I love your blog and can relate to so many of your posts! Thanks for sharing your stories! XO
Thank you so much for creating this website! It is very refreshing knowing that I am not alone. My boyfriend and I started dating 2 years ago, right when he starting in the PhD program for computer engineering. Although he isn’t pursuing an MD, the requirements, hardships, and years of dedication (6 years) are pretty similiar. A dream of mine has been to get married and to start a family by 30. Realistically, it’s looking like he won’t finish until 2016 at the earliest (I’ll be 29).

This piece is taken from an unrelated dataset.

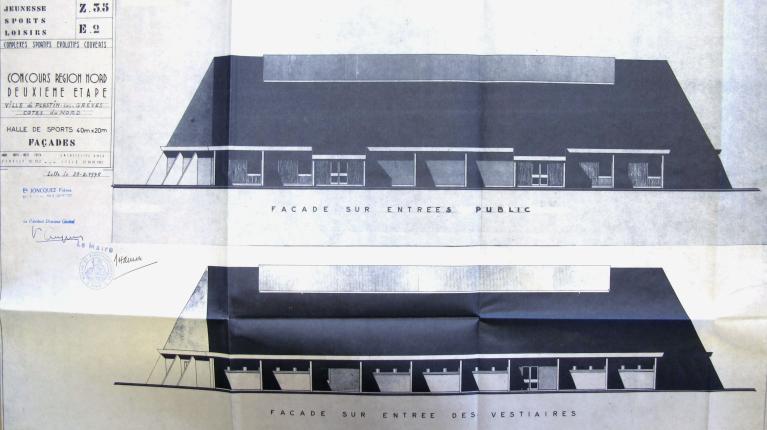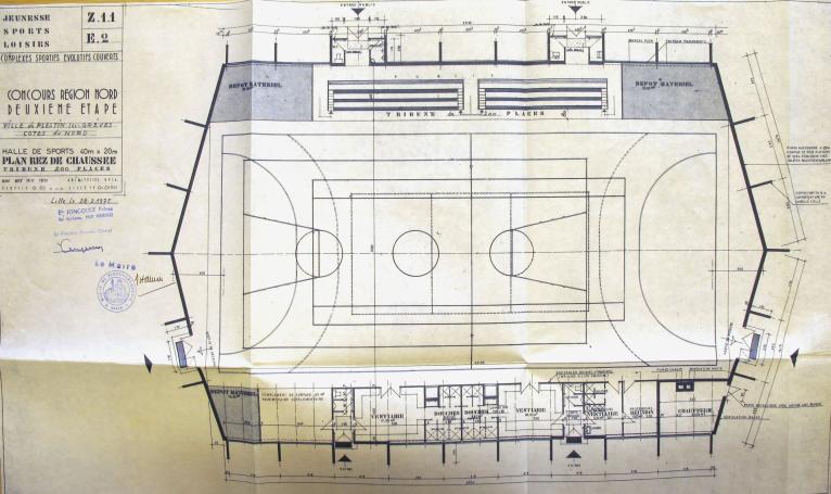 A l'instar d'une vingtaine de communes bretonnes, Plestin-les-Grèves a choisi un modèle de COSEC lauréat du concours régional dans le Nord et non en Bretagne-Pays de Loire. Cette halle, conçue par une équipe d'architectes réunie autour de C. Abadie et par l'entreprise Joncquez, est toujours plébiscitée par ses utilisateurs, au prix de rénovations périodiques.

I go back and forth sometimes wondering if it’s worth the wait, esp. when I see all of my friends and family getting married. Perhaps if I knew what the pros and cons were regarding marrying someone while they are pursuing their PhD, it may help to shed some light on the matter. Any advice you would have would be greatly appreciated! Thanks 🙂
I’ve just read through your posts from the past year and love your honest commentary! I, too, am a doctor’s wife (1st year out of 5 in residency, but really 3rd out of 7 since he switched partway through), and have a lot of the same internal monologue that you seem to. We don’t have kids yet, mostly because we don’t quite see how they would fit into our crazy busy lives, and I am so interested to read about your experience adding a baby to your lives. Thank you for sharing your perspective on life!
I am so happy I have found your blog. I too am a Doctors wife. I have found it refreshing to read. Your candid honesty is much appreciated about the great misconception of being married to a physician. I have a full time job and family and the same worries as all wives.
Hi! I am glad to find your blog. I totally agree that being a doctor’s wife isn’t’ as glamorous as the stereotypes cough up to be. It’s a journey, a never ending journey of happiness, sadness, motivation, toleration, and understanding. Especially understanding! My friends and relatives always say to me that you landed on a jackpot. But I am a college graduate making a little less than my husband and I did not quit my fulltime job. My husband goes to work and when he’s home he’s not resting because of the constant worries. He is by far a very good husband but the stress gets to him. Often time, he shares his worries and I think as a doctor’s wife we are uncertified therapists. I think we have to be very strong-for ourselves and our husbands.
Just stumbled upon your blog and enjoying the read 🙂 Just started blogging about my journey being married to a doctor as well! Glad to be able to relate.